I disagree with pretty much all of the above paragraph. I’m sorry if that has burst a few bubbles out there. Maybe you want to skip this post and we can hook up again next time. You see, I don’t really want my heroes to be super. To me, a perfect hero isn’t really a hero at all. If everything you do is effortless then it’s not really super. It kind of becomes mediocre. Bland, mundane, run of the mill. I saved the world again today. It was easy…..yawn. Where’s the blood, sweat and tears in that? Where are the demons they have slain to become who they are today? Where are the staggering odds they have somehow overcome along the way? Er….we kind of skipped that part because we’re perfect and cut straight to the super, heroic bits.

I don’t want perfect heroes. Anodyne and featureless, every scrap of personality scrubbed clean from them. Now before I continue I know there will be many Christians reading this so, before you start, let’s set Jesus to one side for the purposes of this blog. Yes I know he was without sin and, therefore, perfect. He was the ‘Godman’ however and I’m talking about human beings here. Ordinary men and woman who commit extraordinary acts. I’m also not talking about superheroes like Wonder Woman or Captain America. I am talking about real people. I’m not really a DC or Marvel hero anyway. Give me orcs and dragons any day of the week. Or possibly Jessica Jones at a stretch.

I’m not really talking about celebrities either. Yes there are role models out there who inspire and motivate us but we risk straying into dangerous territory here. When we start to worship our heroes it can become idolatry. Which is largely unhealthy and counter productive. They are human beings and human beings have a nasty habit of letting you down. Never meet your hero they say as they have a habit of disappointing you in the flesh. They are not what you created them to be in your imagination. They are a pale imitation. That’s because they are flesh and bone. They can never possibly live up to what we have created them to be in our fevered imaginations. They will always fall short.

They are a concept, an ideal, an unattainable image. Striving, and failing, to be more like them will only end in frustration and resentment. I’m not saying unfollow Taylor Swift on Twitter and take your football and baseball posters down but just be wary they don’t take over. Obsession is a companion I know all too well. Filling your head with such individuals are a distraction. Distracting you from the people around you who truly matter. You will never become them and aspiring to do so is a futile exercise. Focus on becoming a better you not a better them.
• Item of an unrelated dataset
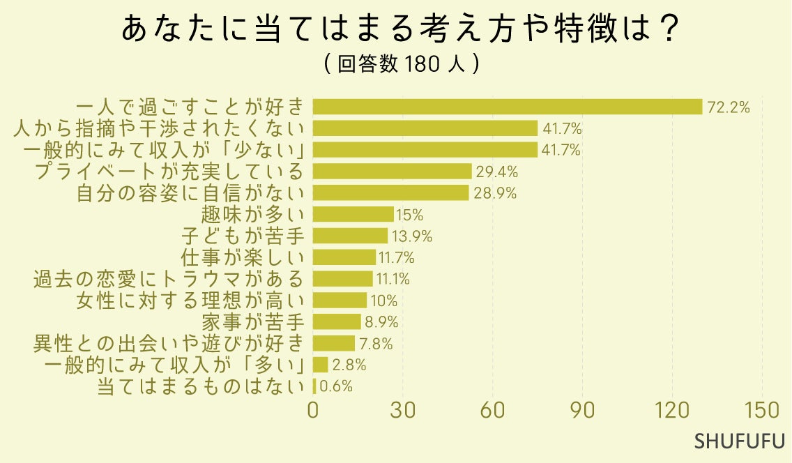 あなたに当てはまる考え方や特徴は?(複数可)の問いに対して最も多かったのが「一人で過ごすことが好き(72.2%)」でした。 次いで「人から指摘や干渉されたくない(41.7%)」「一般的にみて収入が「少ない」(41.7%)」という結果でした。

Having real life heroes can be problematic as well. It’s all very well and good but once more they will eventually let you down. The higher you build them up the further they will inevitably fall. They cannot live up to your lofty expectations of them. And when they don’t it often ends in recrimination and broken relationships. There is resentment on either side and irreparable collateral damage is caused to trust and respect. Seeds of anger are planted on such fertile ground. From these grow weeds and thorns that will choke and entangle us. We will grow to despise those we once loved. And they will despise us back just as hard. Friends become enemies and allies become foes. I’ve lost so many friends so I know this all too well. My days of setting others on pedestals are over.

So what is the point of this post? I’ve dismissed just about every hero in the book. From Batman to Tom Brady. And everyone in between. Comic book heroes, action movie heroes, everyday heroes. Firefighters, brain surgeons, megachurch pastors and your big brother or sister. They are not heroes. They are just people like you or I. Respect them, admire them and love them. But don’t set them on a plinth and get all gooey eyed over them. For they deserve better than that and so do you. Plinths and pedestals are barriers to true relationships and mutual growth. Let’s all get on a level playing field.

Death to heroes.

What are your thoughts of hero worship and heroes in society today? Do you regard it as healthy or a hindrance? Please comment below.

38 thoughts on “What’s So Super About Heroes?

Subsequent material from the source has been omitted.